- Barry K. Barnes as Tony Grigson, and Greta Gynt as Diana
- Directed by: George King
- Written by: Hugh Gray; Brock Williams; Basil Woon;
- Produced by: A.M. Salomon
- Starring: Barry K. Barnes; Greta Gynt; Ian McLean;
- Cinematography: Basil Emmott
- Music by: Bretton Byrd
- Production company: Warner Brothers
- Distributed by: Warner Brothers
- Release date: 19 October 1940;
- Running time: 73 minutes
- Country: United Kingdom
- Language: English
- Budget: £17,202
- Box office: £15,161

= Two for Danger =

1940 film

Two for Danger is a 1940 British second feature ('B') comedy crime film directed by George King and starring Barry K. Barnes, Greta Gynt and Ian McLean. It was written by Hugh Gray, Brock Williams and Basil Woon.

==Cast==
- Barry K. Barnes as Tony Grigson
- Greta Gynt as Diana
- Ian McLean as Australian
- Gordon McLeod as German
- Tony Shaw as American
- David Keir as Professor Shaw
- Vera Bogetti as Lady
- Peter Glenville as young Latin
- Peter Gawthorne as assistant commissioner
- George Merritt as Inspector Canway
- Wilfrid Caithness as Meason
- Cecil Parker as Sir Richard
- Kynaston Reeves as Doctor George Frencham
- Henry Oscar as Claude Frencham
- Gus McNaughton as Braithwaite

==Production==
It was made at Teddington Studios by Warner Brothers.

==Reception==
The Daily Film Renter wrote: "Though it carries little conviction, there being an air of theatrical unreality about most of the development, there is enough brisk detective work, dead bodies, fake street accidents and Soho snoopings for this production to get by with those who value vim above the verities."
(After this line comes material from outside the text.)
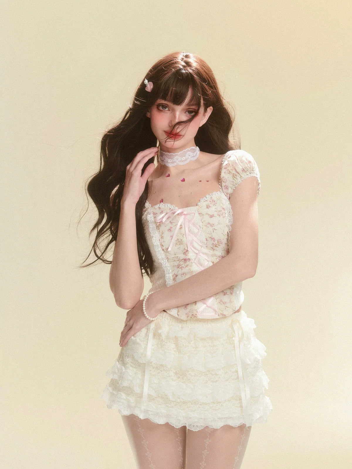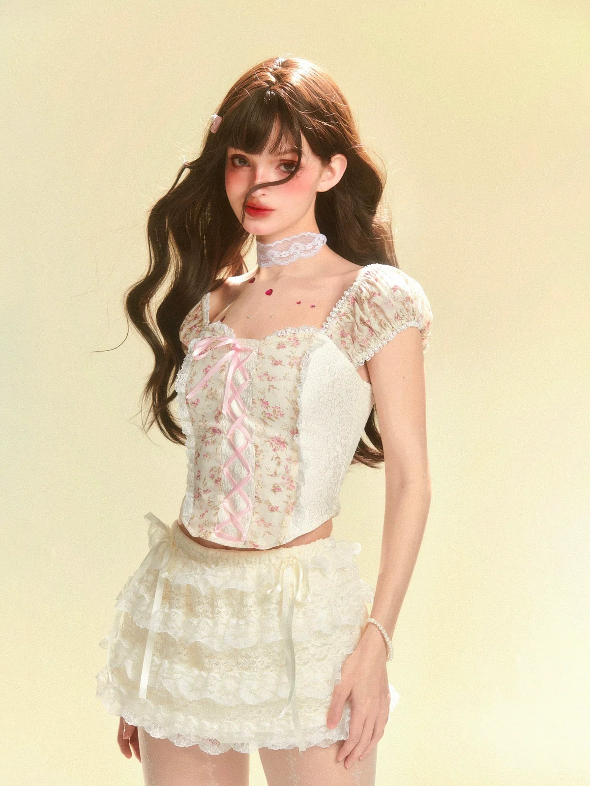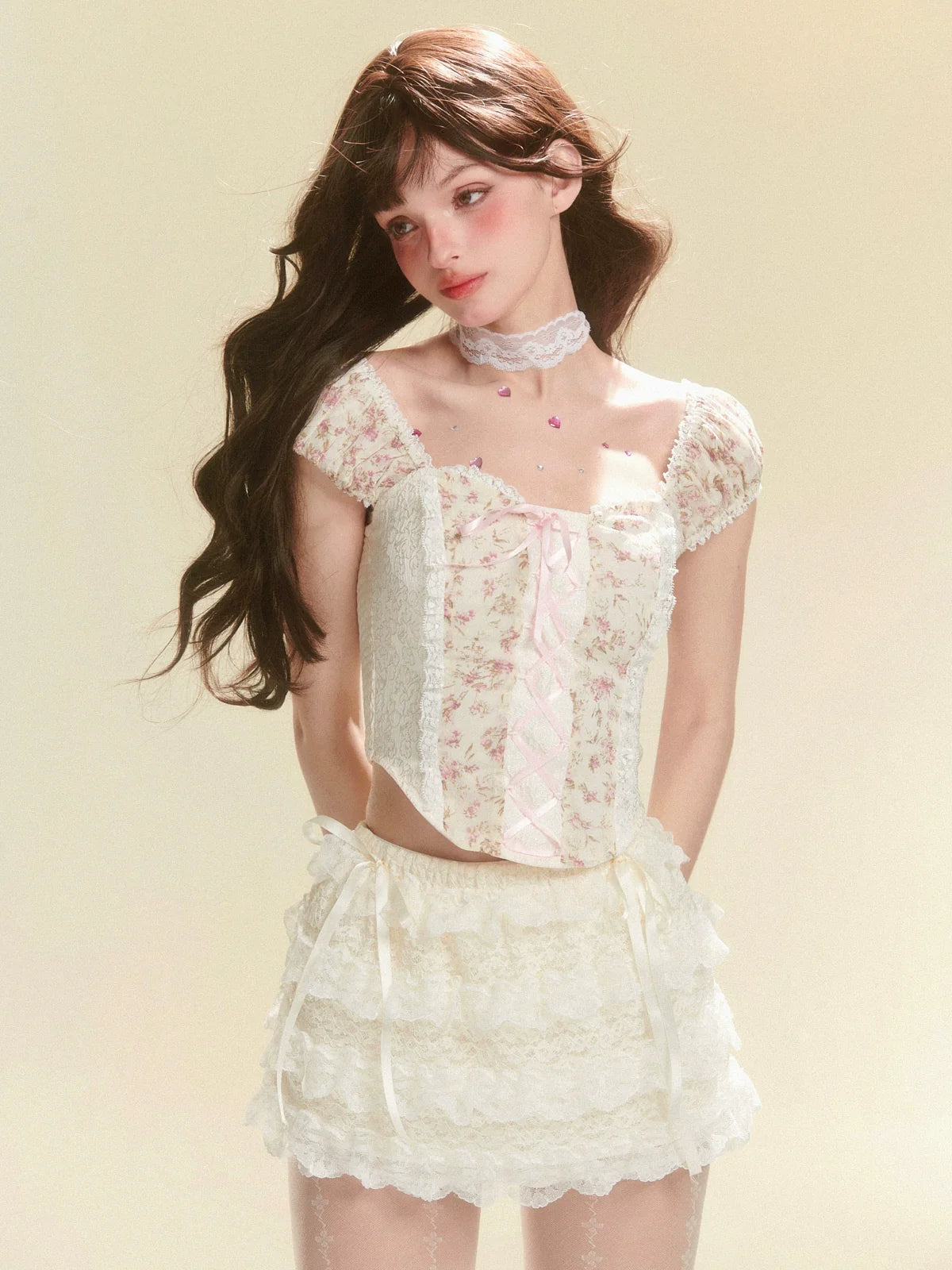 Dieses süße Top mit offenem Halsausschnitt und Blumenschnürung besticht durch zarte Blumenspitzendetails und einen schmeichelhaften offenen Ausschnitt. Perfekt, um jedem Outfit einen Hauch von Süße zu verleihen.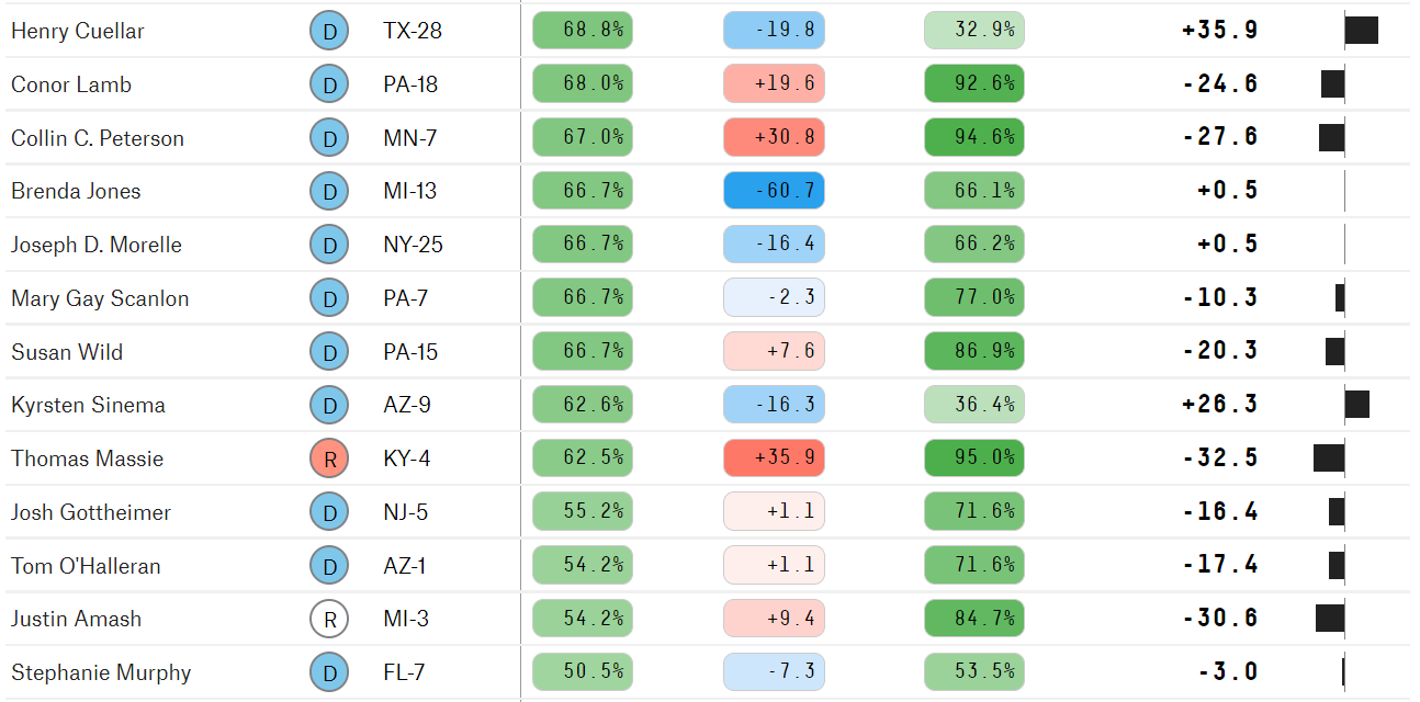 House (Cuellar & Sinema have by far the highest +/- of any Dem, meaning they both voted so much higher with Trump than predicted by their constituents in their district)

Variety wrote: "Built on the formula of light and sound, this Warner British product comes so near to clicking it's a pity it just misses. Cast works hard and commendably with Brock Williams' original, but script's maintenance of too even a pace throws story effort on to final reel. British audiences would normally be pleased to wait for the ending, but U. S. seaters are likely to become impatient. In latter market, though, it should provide adequate dual support. Lightness is the keynote throughout, but it is unfortunate that more laughs were not sprinkled to give players something to hang it on."